Dissertation Fellow 1999-2000

Daniella Kostroun (History)
Duke University

Gender and Church-State Relations in Absolutist France:
The Case of the Port Royal Nuns, 1609-1709

While most histories of French absolutism focus on Louis XIV’s strategies to discipline male subjects and institutions, my dissertation explores how these strategies work with regard to female subjects and organizations. The case of the Port Royal nuns from 1609-1709 sheds light on the relationship between women and the state because of the convent’s involvement in Jansenist struggles. I argue that the nuns’ participation in these religious quarrels had political implications because both Church and state based their authority upon Catholic notions of hierarchy and obedience. Obedience, in turn, was idealized as a feminine phenomenon because of the belief in an inherent weakness of the feminine sex, which rendered women more obedient than men. While Louis XIV and the Port Royal nuns shared the belief in a "natural" feminine obedience, they disagreed over what this obedience meant in the context of the Jansenist debates. For the king, feminine obedience meant that the nuns should follow his command to denounce Jansenism without question. For the nuns, their ignorance in matters of theology meant that they had to obey their consciences (which dictated that they remain silent on the Jansenist question) above all else. The clash between these two visions of obedience led to the violent destruction of Port Royal by Louis XIV in 1709.

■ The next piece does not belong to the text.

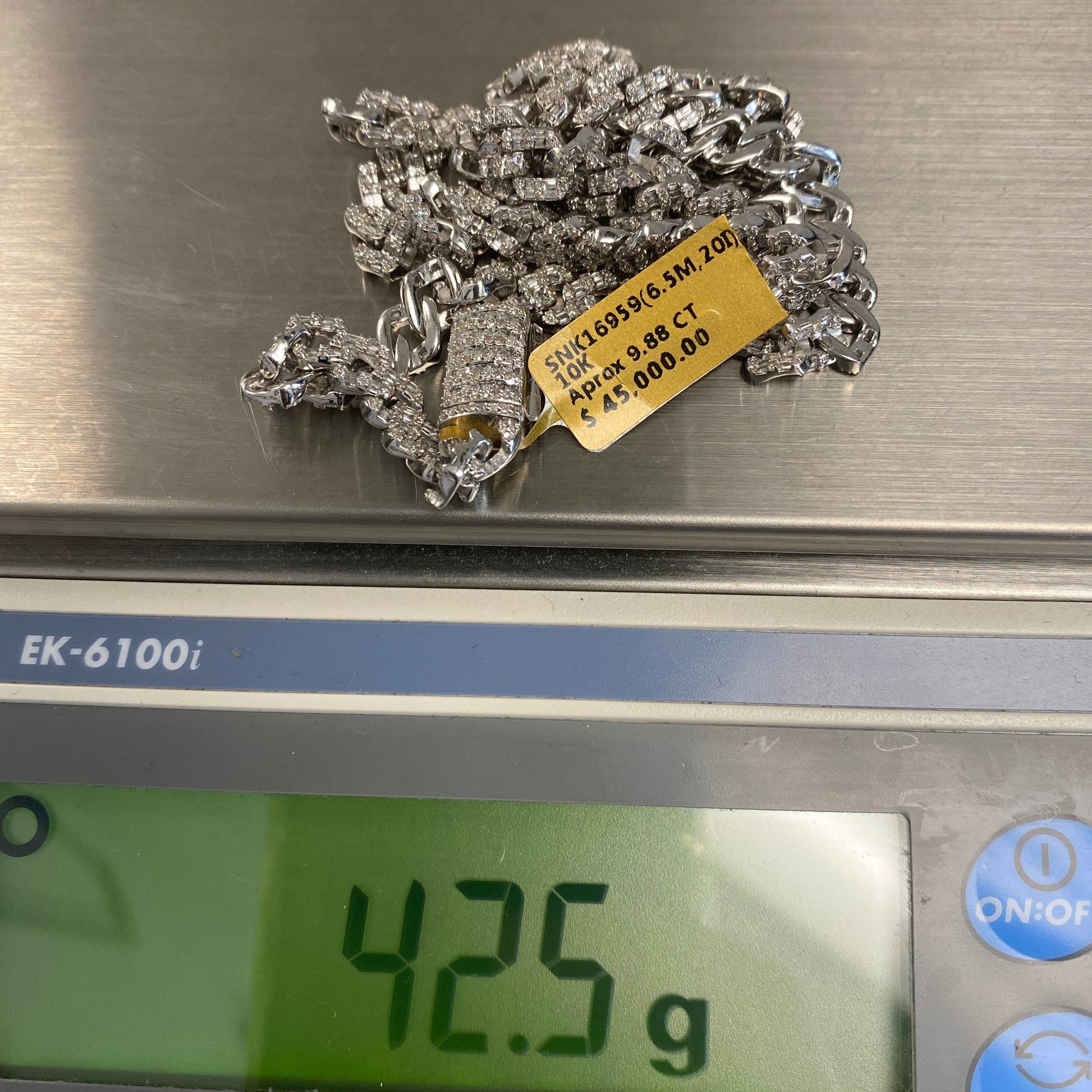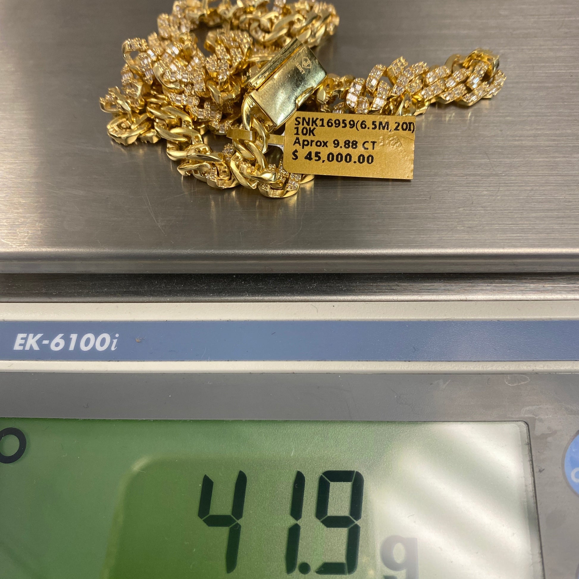 10K 6.5MM Cuban Link Diamond Baguette Chain 20"
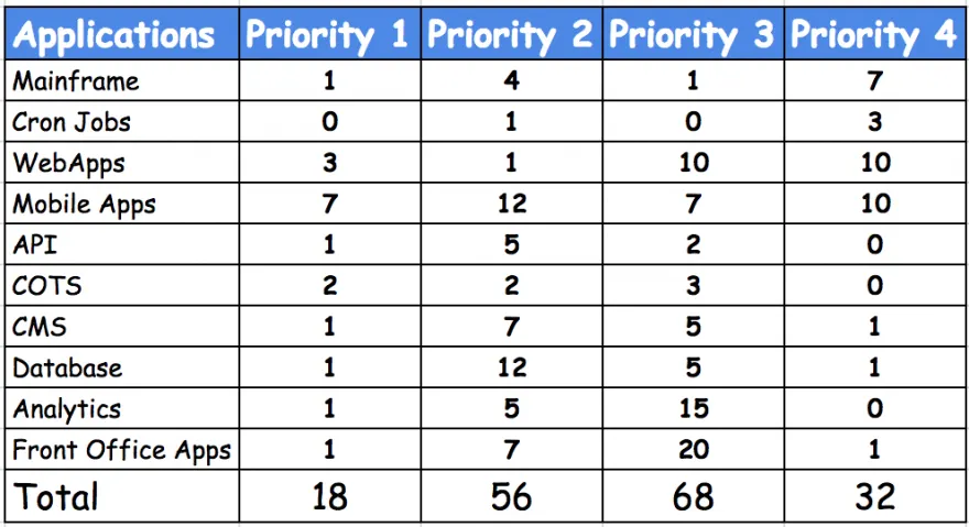 => Applications vs Defect Priority Report

While my dissertation examines the nuns’ personal resistance to the king, it also explores how male Jansenists incorporated the nuns’ resistance strategies into their polemical pamphlets. By associating individual conscience with the nuns’ qualities of innocence and obedience, Jansenists argued that the king’s attempts to dominate their religious conscience was an abuse of power that undermined his claims to divine sanction. This argument was particularly salient once Louis destroyed Port Royal. His inability to peacefully discipline his opponents provided them with a powerful symbol of tyranny in action, which, in the decades prior to the French Revolution, they were only too willing to use.